Nella giovane donna fertile, la raccolta e conservazione degli ovociti maturi è già disponibile. Presenta però due limiti. Il primo è rappresentato dal modesto numero di follicoli maturi prelevabile in ogni ciclo ovarico (anche iperstimolato), che non consente di costituire in vitro una riserva estesa di gameti femminili. Il secondo riflette il fatto che il successo della loro crioconservazione è assai inferiore a quello dei gameti maschili, anche con le più recenti tecniche, chiamate di “vitrificazione”. Il trapianto autologo di tessuto ovarico germinale prelevato prima della terapia oncologica è possibile, ma nel caso di un tumore ovarico vi è il grave rischio di reintrodurre nell’organo femminile, attraverso questo tessuto, anche la causa della malattia tumorale curata in precedenza.

I ricercatori di Edimburgo e New York hanno ottenuto in vitro ovociti secondari umani maturi — allo stadio di metafase II (quello in cui essi si trovano all’ovulazione nella donna) e con formazione del globulo polare (che ulteriormente documenta la loro competenza meiotica) — a partire da colture unilaminari di follicoli ricavate da dieci biopsie ovariche corticali provenienti da volontarie sane ed eseguite nel corso di un parto cesareo elettivo. Se verrà confermato in altri laboratori, questa tecnica di isolamento, coltura e maturazione di follicoli ovarici potrebbe configurare in futuro il seguente scenario. 

Anzitutto, nel caso in cui venisse provata la capacità di questi ovociti di dare origine ad embrioni non portatori di difetti dello sviluppo, quello di mettere a disposizione un considerevole numero di ovociti potenzialmente utilizzabili per fecondazioni artificiali omologhe (per le stesse pazienti oncologiche) o eterologhe (per coppie etero- o omosessuali che richiedessero la donazione di ovociti), aggirando così l’ostacolo dell’attuale scarsità di gameti femminili.
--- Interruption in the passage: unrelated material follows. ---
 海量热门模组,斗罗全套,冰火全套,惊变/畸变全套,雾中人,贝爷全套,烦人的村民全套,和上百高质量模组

Ma non si può escludere anche l’eventualità di esperimenti di clonazione umana per trasferimento di nucleo di cellule somatiche (Scnt), i cui tentativi sono stati sinora frenati biotecnologicamente — ancor prima che eticamente e giuridicamente — oltre che dalle difficoltà e dai difetti nello sviluppo a termine e postnatale dei mammiferi clonati, anche dalla scarsa disponibilità di ovociti umani maturi.
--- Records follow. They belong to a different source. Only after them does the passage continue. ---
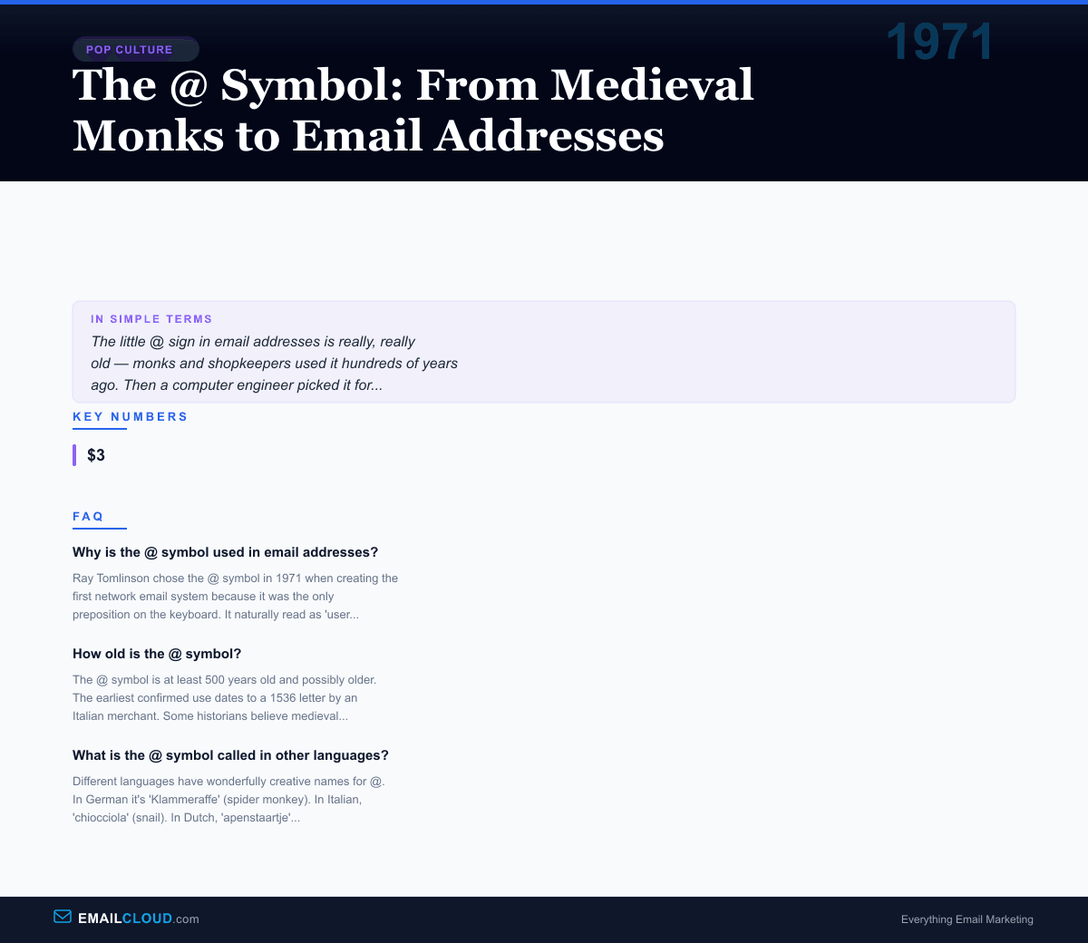 1971: The @ Symbol: From Medieval Monks to Email Addresses
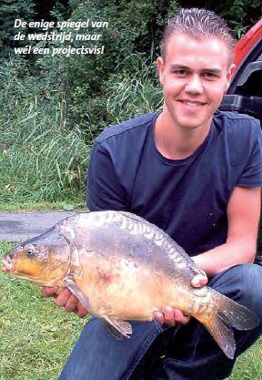 Rond 16:00 uur is het telefoontje dan toch daar. Baris Sari en Marvin Swagerman op stek 6 melden dat ze een karper hebben gevangen. Gewapend met fotocamera, weegschaal en weegsling loop ik (Marcel Merk) er naartoe en meteen krijg ik een vreemd gevoel over me. “Een projectkarper, dat zou nog eens een mooie start zijn.” De onthaakmat wordt opengevouwen en… Een spiegelkarper. Een overduidelijke Peschkens wordt getoond. We wegen de karper en een mooie 7,6 pond wordt genoteerd. Snel een paar foto’s van vanger met de vis en van de linkerzijde van de karper natuurlijk.
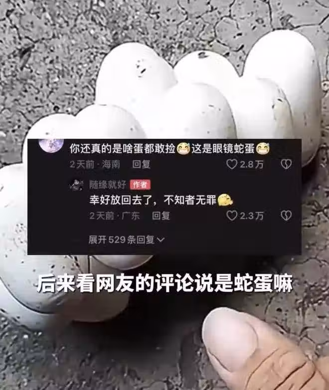 甚至有人勸男子搬家逃命:「這個蛇蛋已經沾上了你的氣味,後續眼睛王蛇會尋著氣味找到你,建議儘快多買點雄黃,撒在屋外」、「這是眼鏡王蛇的蛇蛋,這蛋它老媽根據氣味可以追15~30公里、能追幾個月,你快跑吧,小心大晚上的它爬你床頭看你睡覺!」雖然眼鏡蛇追蹤能力很強,不過這幾位網友的說法浮誇了。
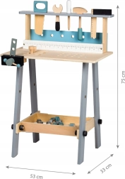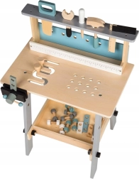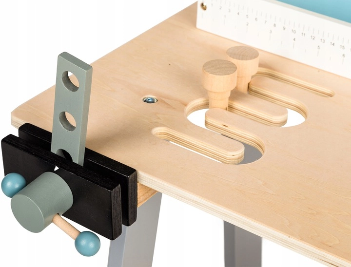 Περιλαμβάνει πρακτική μέγγενη, επιφάνεια εργασίας με οπές και μέτρο, καθώς και ράφι για αποθήκευση εργαλείων. Το φυσικό ξύλο σε συνδυασμό με απαλούς τόνους ταιριάζει σε κάθε παιδικό δωμάτιο και ενθαρρύνει το δημιουργικό και μιμητικό παιχνίδι.
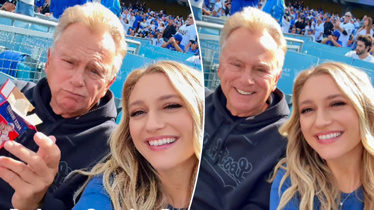 Pat Sajak is seen snacking on what appears to be a box of Cracker Jacks, as he is all smiles in the stadium with his daughter. (Maggie Sajak/Instagram)
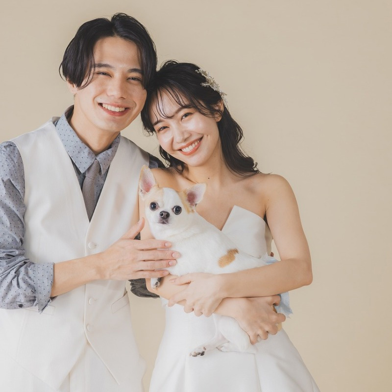 紅葉や桜が彩る屋内庭園での写真や、白背景の結婚写真らしいお二人の姿が残せるスタジオフォトプランです。衣装と撮影データなど、撮影に必要なものがフルセットになったお得なプラン!
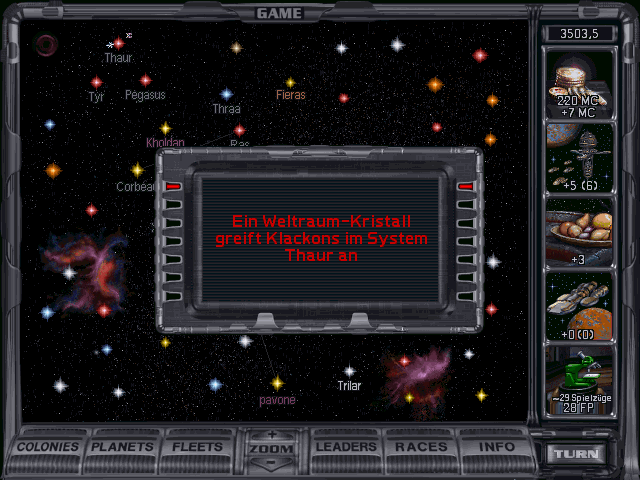 Ich vernichte das Kristall bei Thaur und besiedle den Planeten.

Per questa ragione, nonostante la coltura e la maturazione in vitro di gameti umani non sia in sé stessa intrinsecamente illecita (non si tratta di un organismo umano embrionale che si sta sviluppando ma solo di cellule del corpo umano), questo tipo di interventi biotecnologici è eticamente inammissibile e giudicato negativamente dalla Chiesa in quanto materialmente e formalmente coinvolto nella pratica della generazione in laboratorio di embrioni umani, intenzionalmente separata dall’atto di amore coniugale tra la donna e l’uomo e irrispettosa della vita e della dignità del concepito. Come afferma l’Istruzione Dignitas personae (2008), se “la crioconservazione di ovociti in ordine al processo di procreazione artificiale è da considerare moralmente inaccettabile” (n. 20), per la stessa ragione è inaccettabile la produzione in laboratorio dei medesimi ovociti.
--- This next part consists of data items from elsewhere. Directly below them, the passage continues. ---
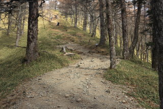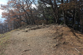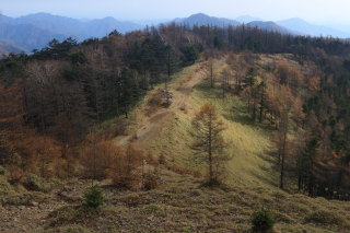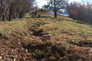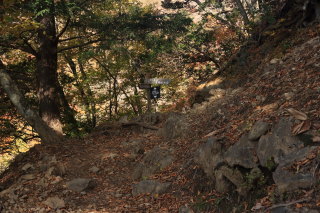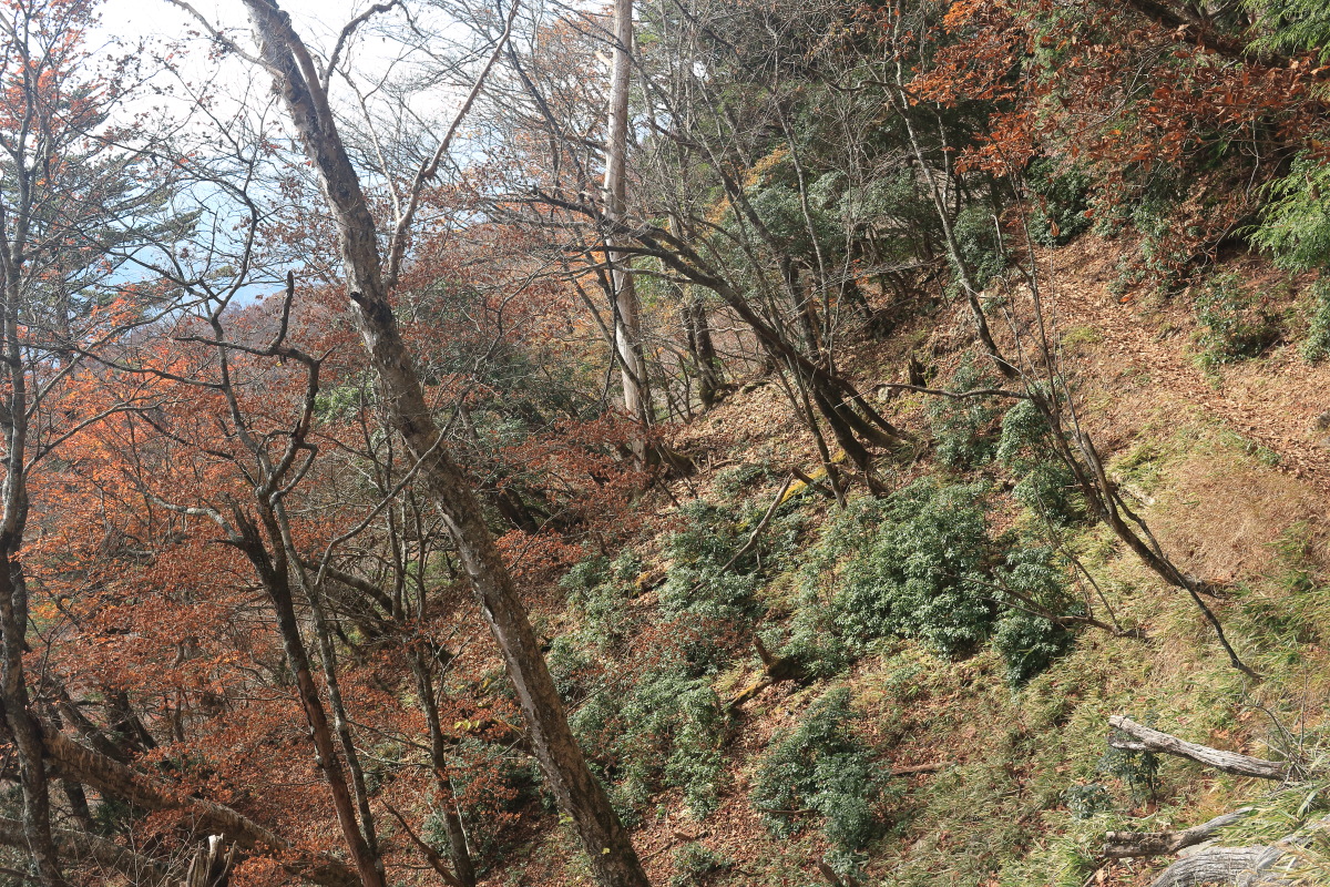 尾根歩きは終了。ここから斜面下りになります(12:45)。 Canon EOS Kiss X7 EF-S24mm f/2.8 STM 24mm(38mm) ISO 1250 F5.6 1/80s |
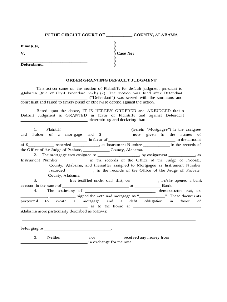 This order grants a default judgment in favor of a Mortgagee, pursuant to Alabama Rule of Civil Procedure 55(b)(2), following failure of the Defendant failed to timely please or otherwise defend the
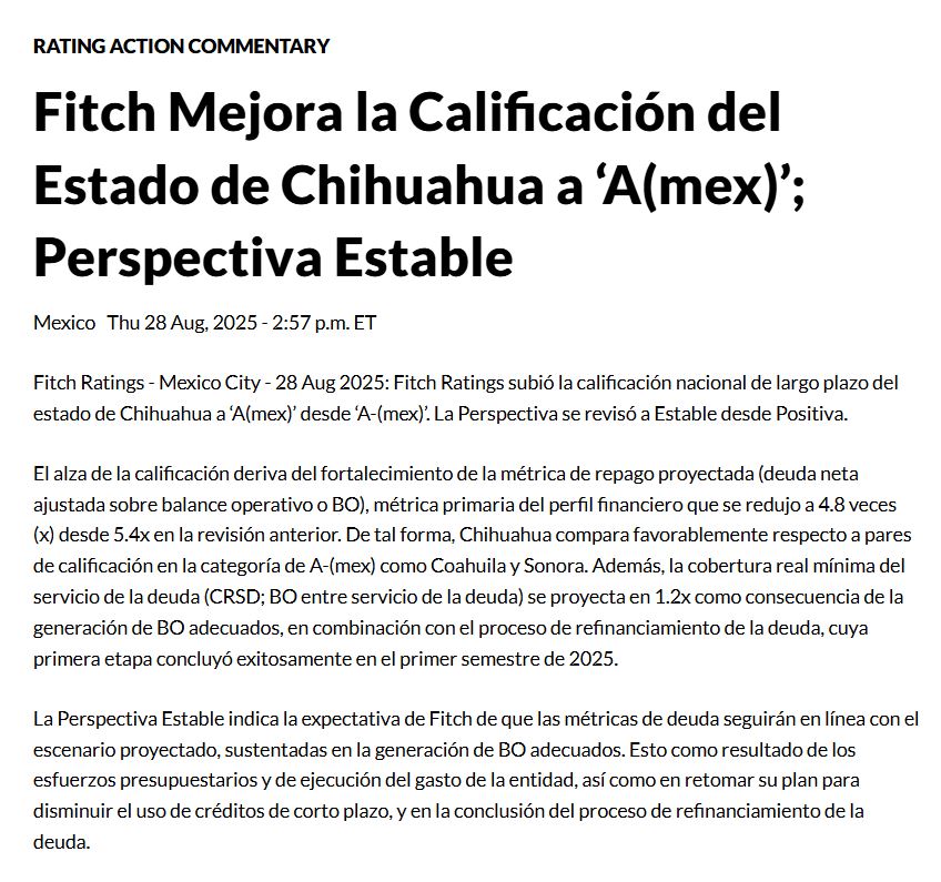 Genera Estado ahorro por más de 330 millones de pesos con mejora de calificación de Fitch Ratings.
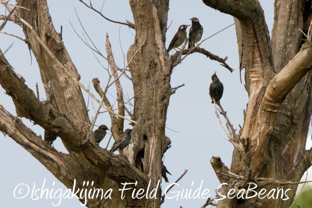 ムクドリとホシムクドリの混群。
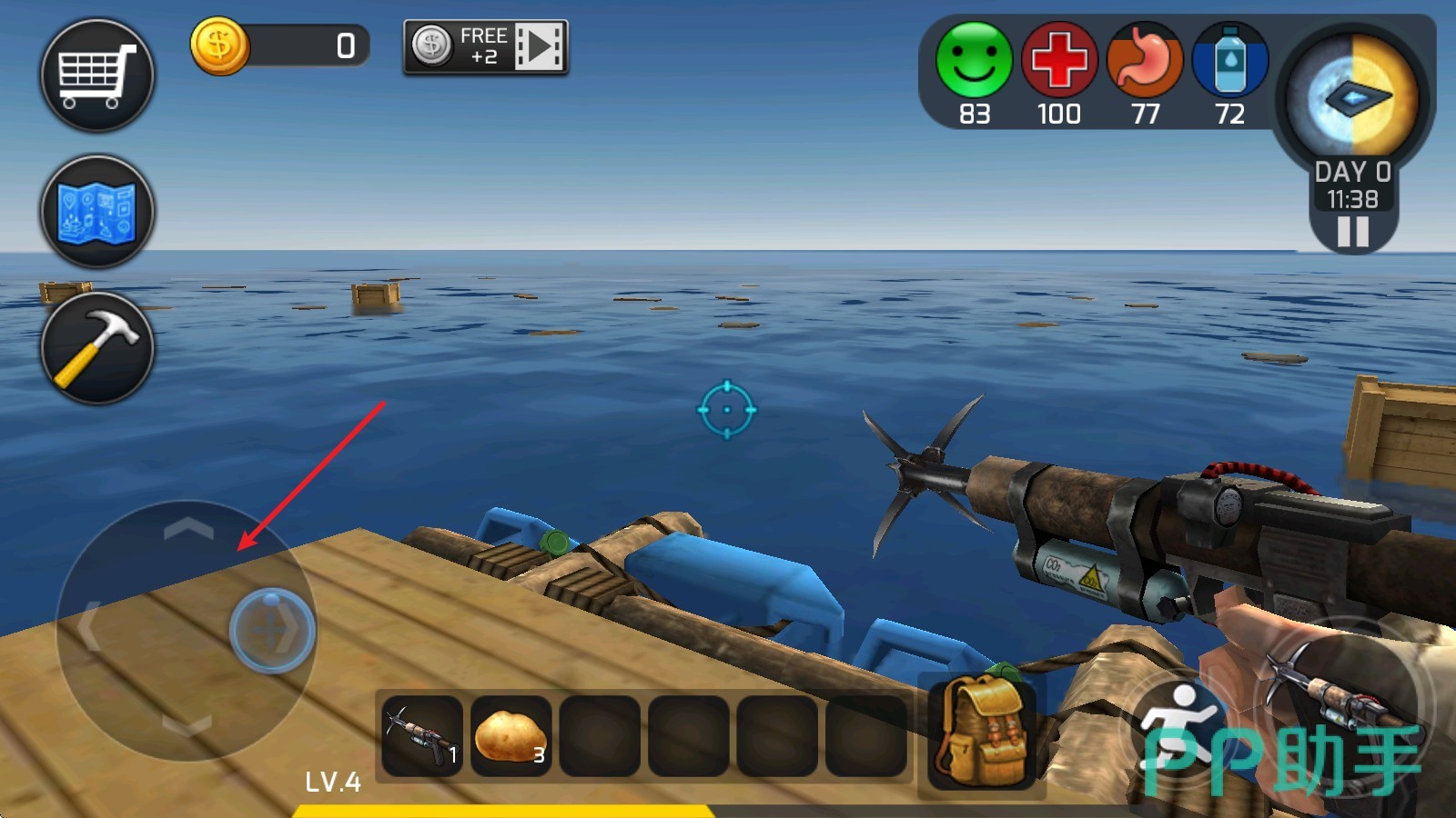 游戏构建了一个极度真实的海上生存环境:无补给、无坐标、无援救。玩家初始仅拥有一叶木筏,在无垠海面漂流。通过钩索收集漂浮物获取木材、塑料、金属等基础资源,逐步扩建筏体、搭建净水器、安装防护网,并应对突发的暴风雨、鲨鱼袭击等威胁。系统对饥饿、口渴、体力与精神状态均有细致模拟,生存压力层层递进。

Inoltre, per verificare la fecondabilità di questi ovociti maturati in vitro, sarebbero necessari numerosi esperimenti di fertilizzazione, con la manipolazione e soppressione di esseri umani allo stadio di sviluppo embrionale, generati per un uso meramente strumentale alla validazione di una biotecnologia riproduttiva, e dunque condannabile come gravissima violazione dei diritti umani del concepito.